*** Data to use Section Begins ***

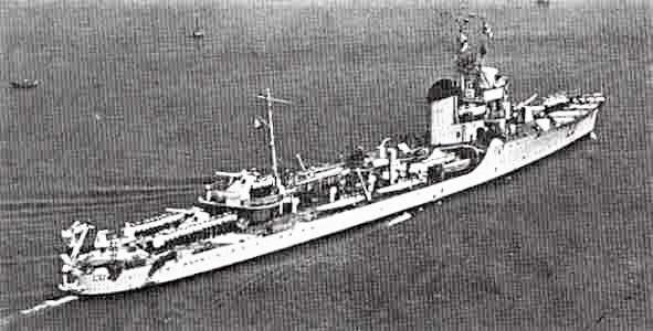 The frigate Lupo (LU) in navigation after Crete battle.
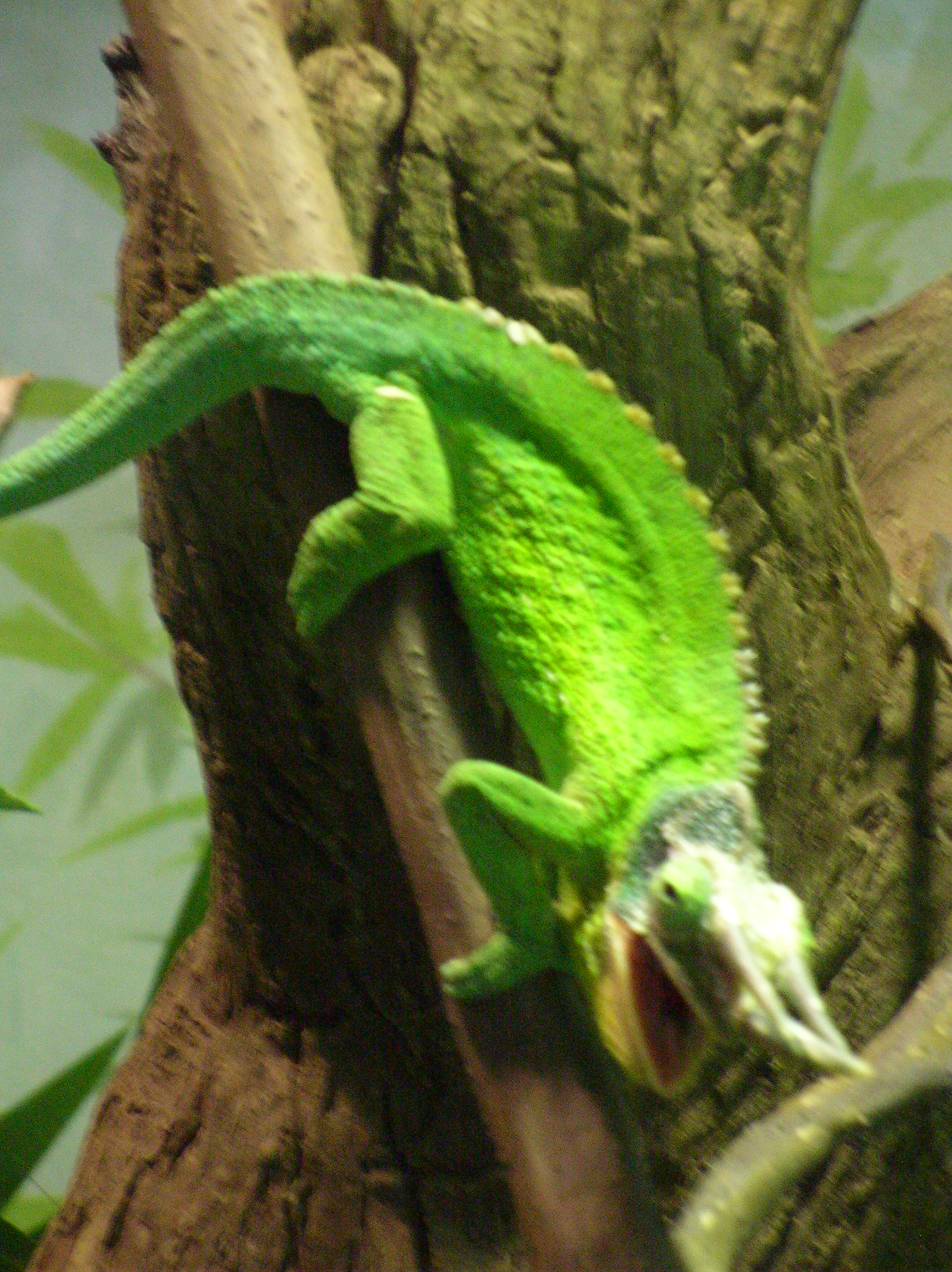 A Jackson's Chameleon (Chamaeleo jacksonii) at the African Hall of the Kimball Natural History Museum at the California Academy of Sciences in San Francisco.
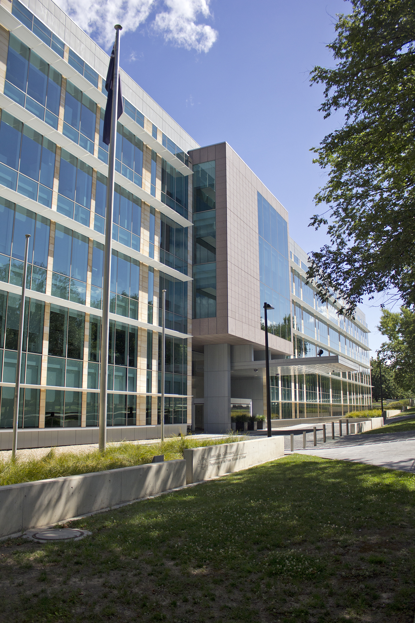 Department of the Prime Minister and Cabinet in Barton, Australian Capital Territory.
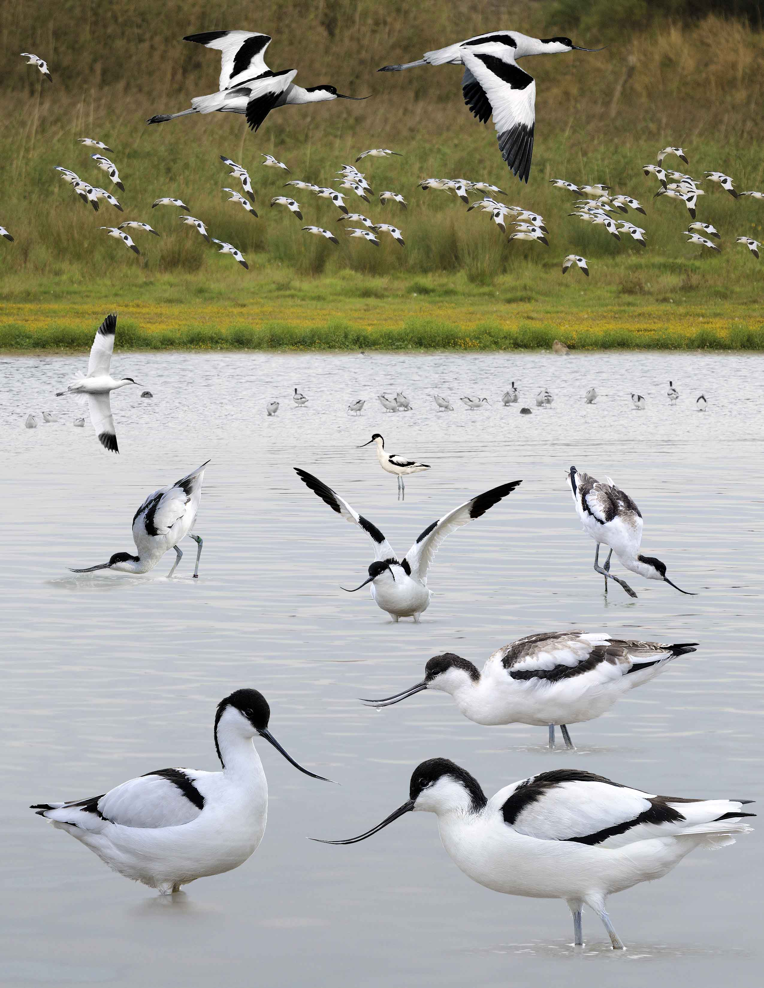 Avocet from the Crossley ID Guide Britain and Ireland
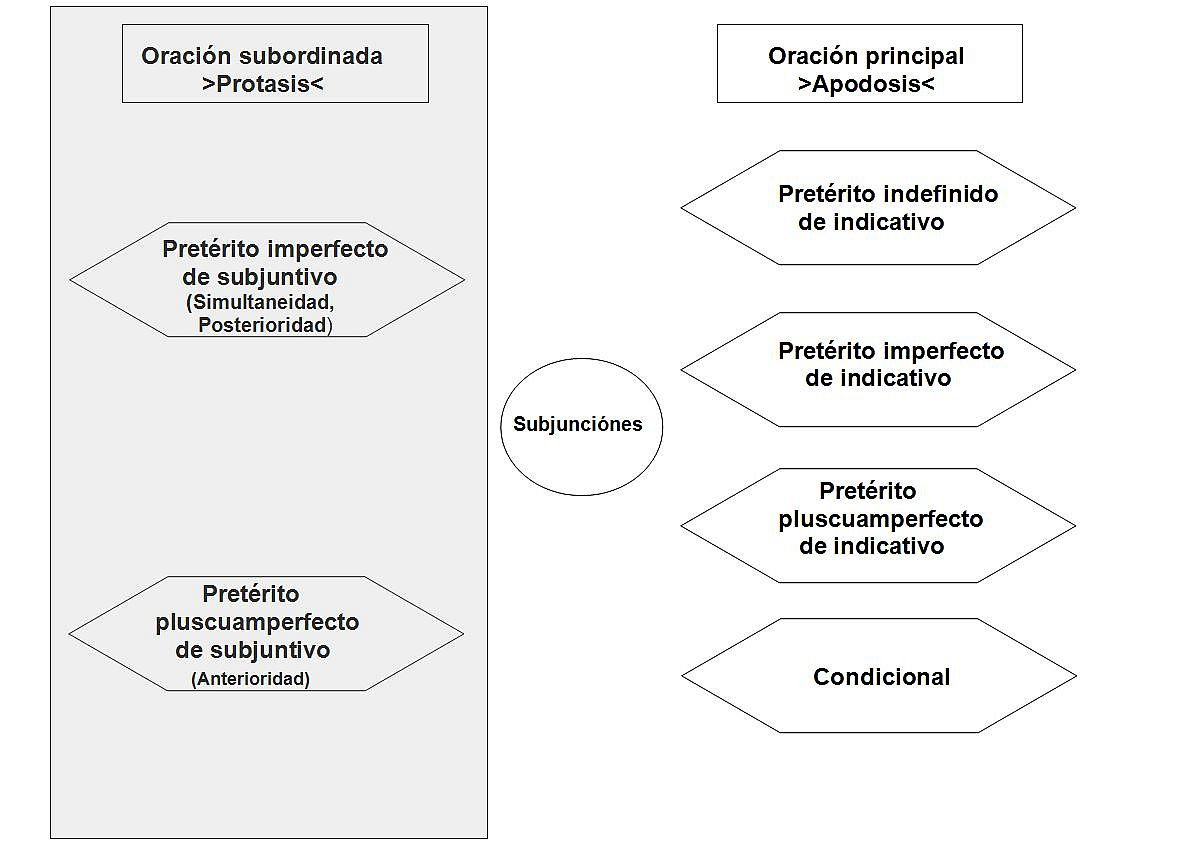 Correspondencia de tiempos, al pasado

*** Data to use Section Ends ***

### Task requirements
Type out all the records verbatim, minus images.

### Solution to the exercise
 The frigate Lupo (LU) in navigation after Crete battle.
 A Jackson's Chameleon (Chamaeleo jacksonii) at the African Hall of the Kimball Natural History Museum at the California Academy of Sciences in San Francisco.
 Department of the Prime Minister and Cabinet in Barton, Australian Capital Territory.
 Avocet from the Crossley ID Guide Britain and Ireland
 Correspondencia de tiempos, al pasado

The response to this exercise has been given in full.